Without including any images, output the listing below exactly.

● DATA EXCERPT
----------

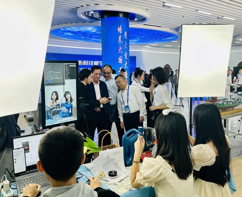 上午10時(shí)30分,在院領(lǐng)導(dǎo)的陪同下,技能文化節(jié)展廳迎來(lái)的第一波客人,他們是來(lái)自衡陽(yáng)市政府相關(guān)的領(lǐng)導(dǎo)以及衡陽(yáng)各縣區(qū)知名企業(yè)領(lǐng)導(dǎo)。各展臺(tái)頓時(shí)熱鬧非凡,有講解員解說(shuō)的聲、有參觀者的咨詢、有直播平臺(tái)的互動(dòng)、有現(xiàn)場(chǎng)才藝的展示,一時(shí)間將技能文化節(jié)推向了高潮。有鄉(xiāng)村振興學(xué)院現(xiàn)場(chǎng)制作精美小禮品、也有智能制造學(xué)院為參觀者現(xiàn)場(chǎng)演示的3D打印技術(shù);有信息工程學(xué)院現(xiàn)場(chǎng)的服裝設(shè)計(jì)、也有經(jīng)貿(mào)旅游學(xué)院的茶藝展示;有交通工程學(xué)院的現(xiàn)場(chǎng)的發(fā)動(dòng)機(jī)拆裝比武、有電氣工程學(xué)院的小蠻腰燈光秀、還有全場(chǎng)最潮的現(xiàn)代物流學(xué)院的直播帶貨。
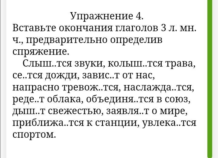 Слышатся звуки, колышется трава, зависит от нас, напрасно тревожиться, наслаждаться, редеют облака, объединяются в союз, дышат свежестью, заявляют о мире, приближаются к станции, увлекаются спортом.
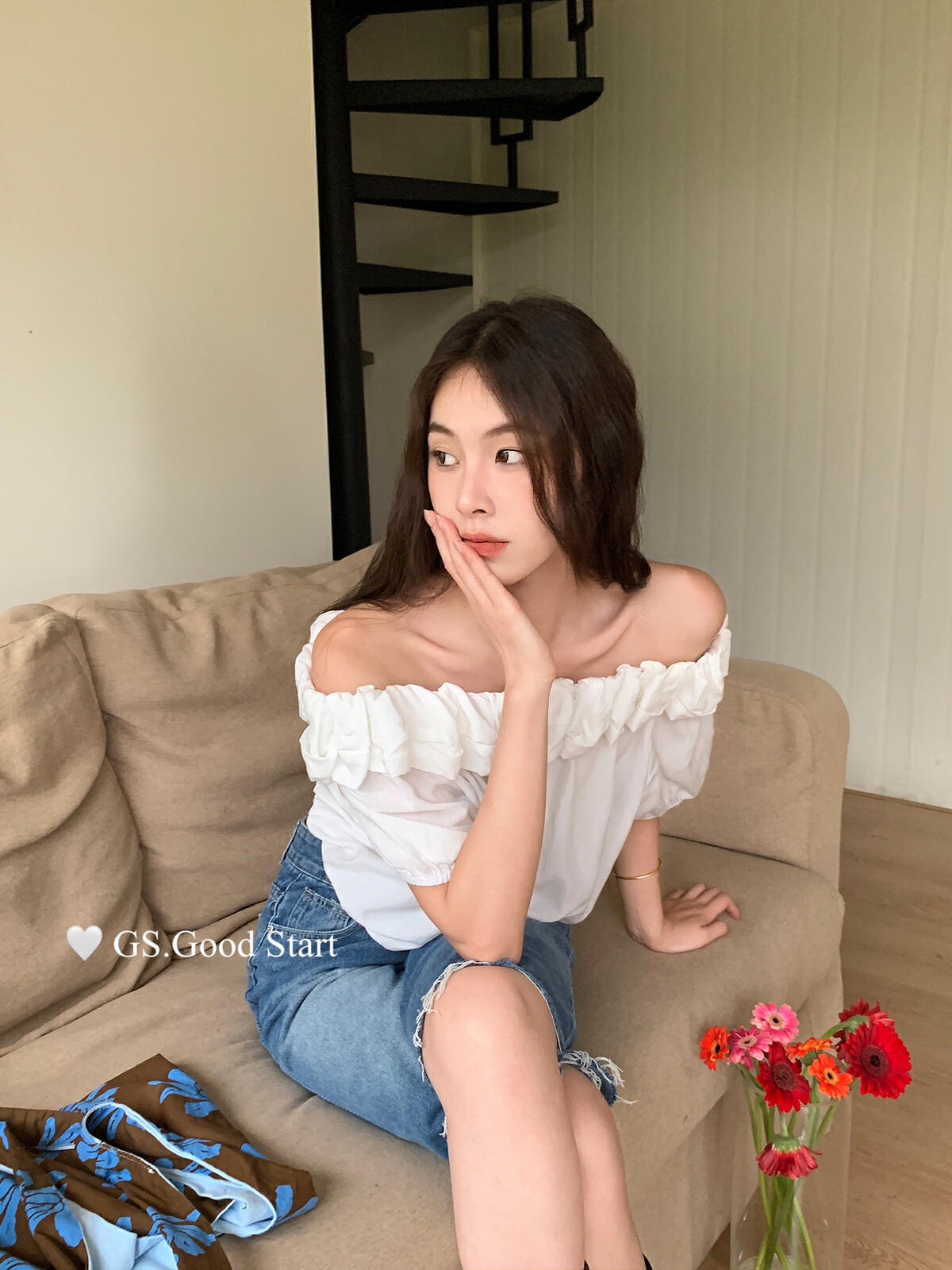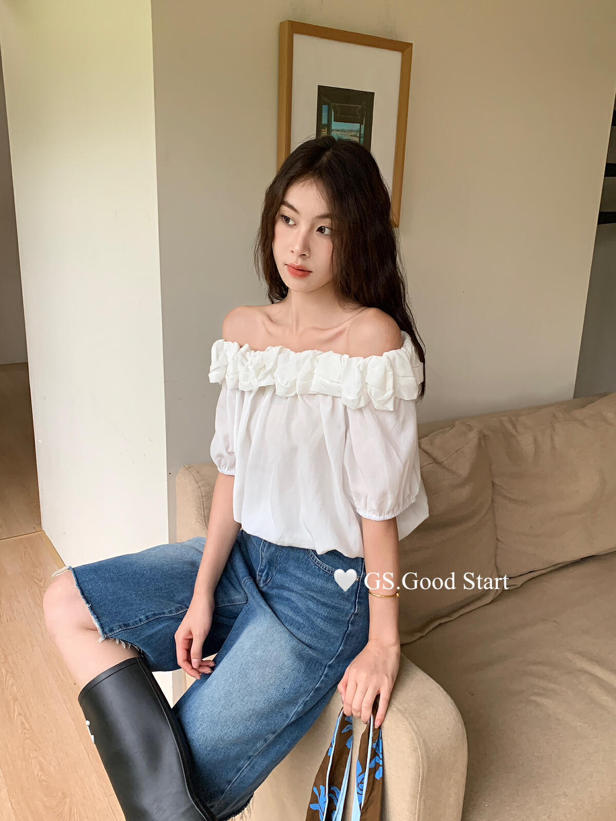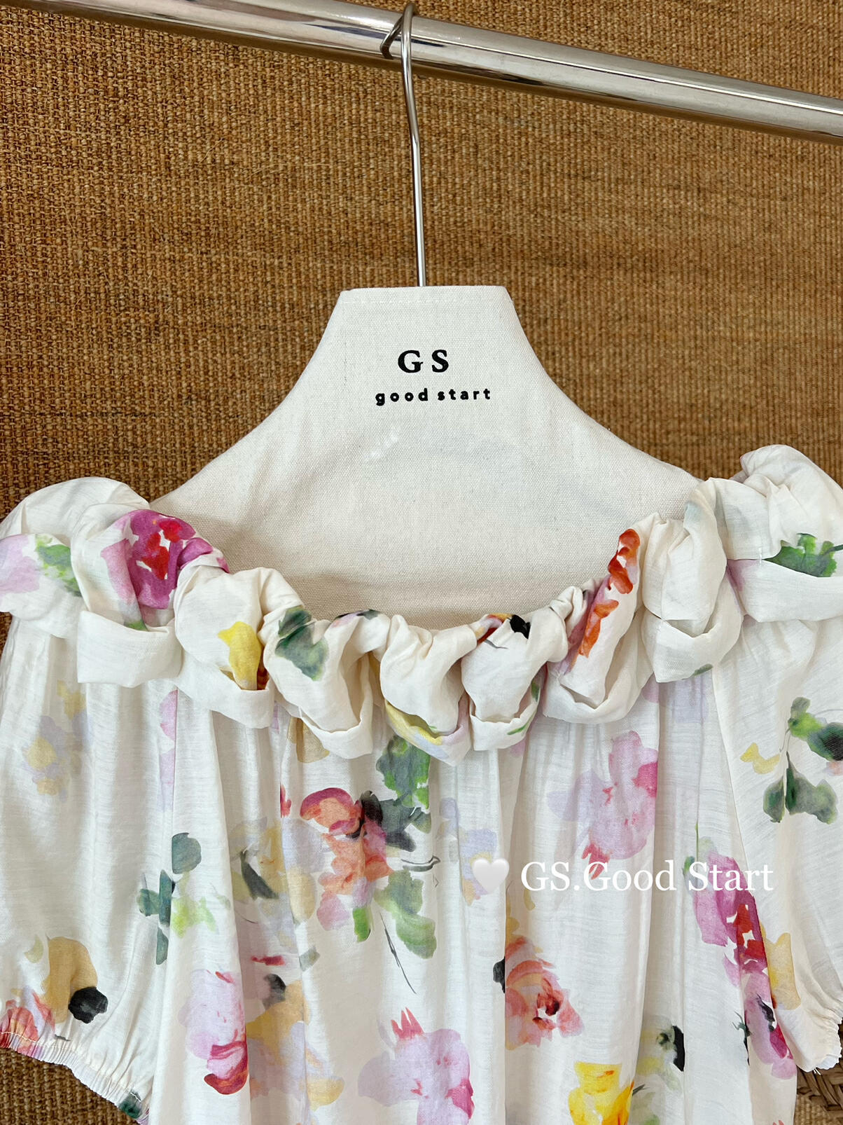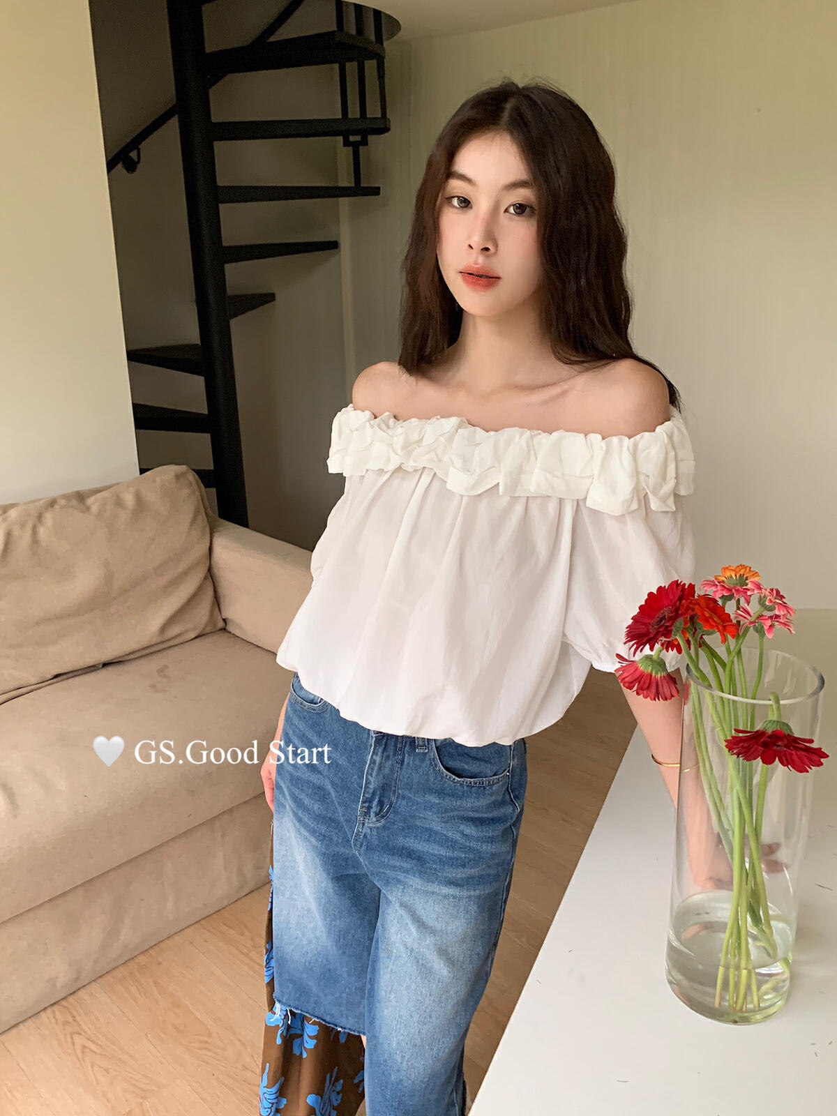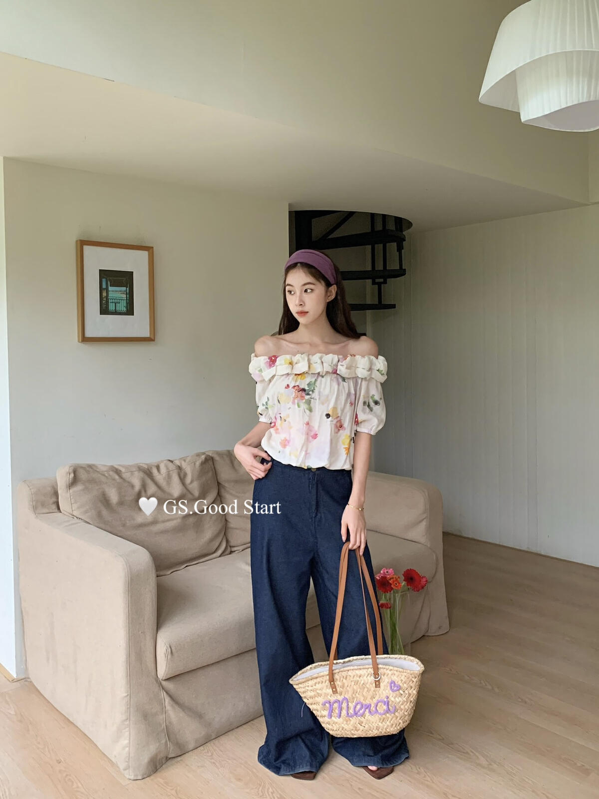 Liquidación, Sin Devoluciones ni Cambios. Verano Mujer Chic Francés Nube Hombro Descubierto Blusa Floral Top G1986V

----------

● ANSWER BELOW
 上午10時(shí)30分,在院領(lǐng)導(dǎo)的陪同下,技能文化節(jié)展廳迎來(lái)的第一波客人,他們是來(lái)自衡陽(yáng)市政府相關(guān)的領(lǐng)導(dǎo)以及衡陽(yáng)各縣區(qū)知名企業(yè)領(lǐng)導(dǎo)。各展臺(tái)頓時(shí)熱鬧非凡,有講解員解說(shuō)的聲、有參觀者的咨詢、有直播平臺(tái)的互動(dòng)、有現(xiàn)場(chǎng)才藝的展示,一時(shí)間將技能文化節(jié)推向了高潮。有鄉(xiāng)村振興學(xué)院現(xiàn)場(chǎng)制作精美小禮品、也有智能制造學(xué)院為參觀者現(xiàn)場(chǎng)演示的3D打印技術(shù);有信息工程學(xué)院現(xiàn)場(chǎng)的服裝設(shè)計(jì)、也有經(jīng)貿(mào)旅游學(xué)院的茶藝展示;有交通工程學(xué)院的現(xiàn)場(chǎng)的發(fā)動(dòng)機(jī)拆裝比武、有電氣工程學(xué)院的小蠻腰燈光秀、還有全場(chǎng)最潮的現(xiàn)代物流學(xué)院的直播帶貨。
 Слышатся звуки, колышется трава, зависит от нас, напрасно тревожиться, наслаждаться, редеют облака, объединяются в союз, дышат свежестью, заявляют о мире, приближаются к станции, увлекаются спортом.
 Liquidación, Sin Devoluciones ni Cambios. Verano Mujer Chic Francés Nube Hombro Descubierto Blusa Floral Top G1986V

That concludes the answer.